EXERCISE DETAILS ::
Only the lines from the one containing "La maduresa de l'escriptora." through the one containing "en vostra testa" should be printed, exactly as they appear below, with both ends included.

TASK INPUT ::

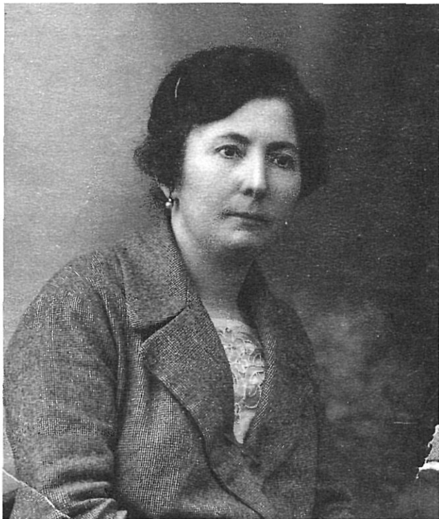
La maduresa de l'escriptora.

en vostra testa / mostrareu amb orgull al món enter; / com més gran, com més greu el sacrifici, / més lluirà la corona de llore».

* * *

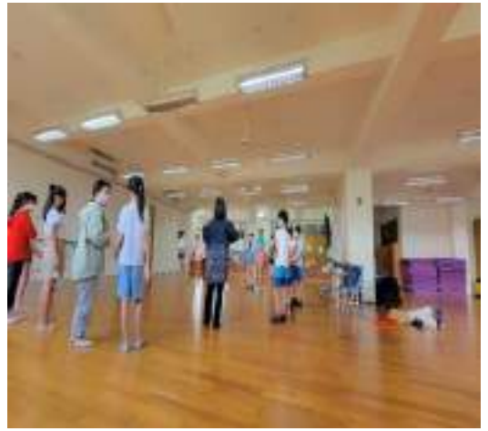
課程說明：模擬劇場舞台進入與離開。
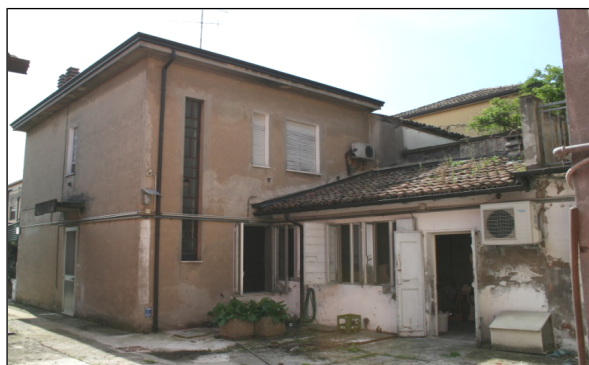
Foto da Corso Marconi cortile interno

--

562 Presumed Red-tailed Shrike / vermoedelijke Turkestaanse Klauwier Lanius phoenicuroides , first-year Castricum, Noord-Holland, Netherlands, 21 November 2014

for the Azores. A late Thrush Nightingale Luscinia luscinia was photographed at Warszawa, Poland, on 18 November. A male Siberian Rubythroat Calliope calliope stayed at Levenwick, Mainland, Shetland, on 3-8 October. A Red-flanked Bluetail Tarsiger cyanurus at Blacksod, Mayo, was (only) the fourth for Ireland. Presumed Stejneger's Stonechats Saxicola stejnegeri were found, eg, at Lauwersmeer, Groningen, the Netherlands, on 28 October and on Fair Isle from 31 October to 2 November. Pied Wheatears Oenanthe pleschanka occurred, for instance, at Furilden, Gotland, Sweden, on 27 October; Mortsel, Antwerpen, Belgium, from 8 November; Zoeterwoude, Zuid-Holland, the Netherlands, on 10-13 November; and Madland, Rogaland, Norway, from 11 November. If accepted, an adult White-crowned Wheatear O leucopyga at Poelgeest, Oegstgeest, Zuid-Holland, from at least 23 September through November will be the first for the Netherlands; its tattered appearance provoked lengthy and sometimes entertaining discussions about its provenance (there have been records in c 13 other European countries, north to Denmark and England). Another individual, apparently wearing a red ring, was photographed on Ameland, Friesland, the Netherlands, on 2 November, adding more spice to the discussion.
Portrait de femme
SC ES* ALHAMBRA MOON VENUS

EXPECTED OUTPUT ::
La maduresa de l'escriptora.

en vostra testa / mostrareu amb orgull al món enter; / com més gran, com més greu el sacrifici, / més lluirà la corona de llore».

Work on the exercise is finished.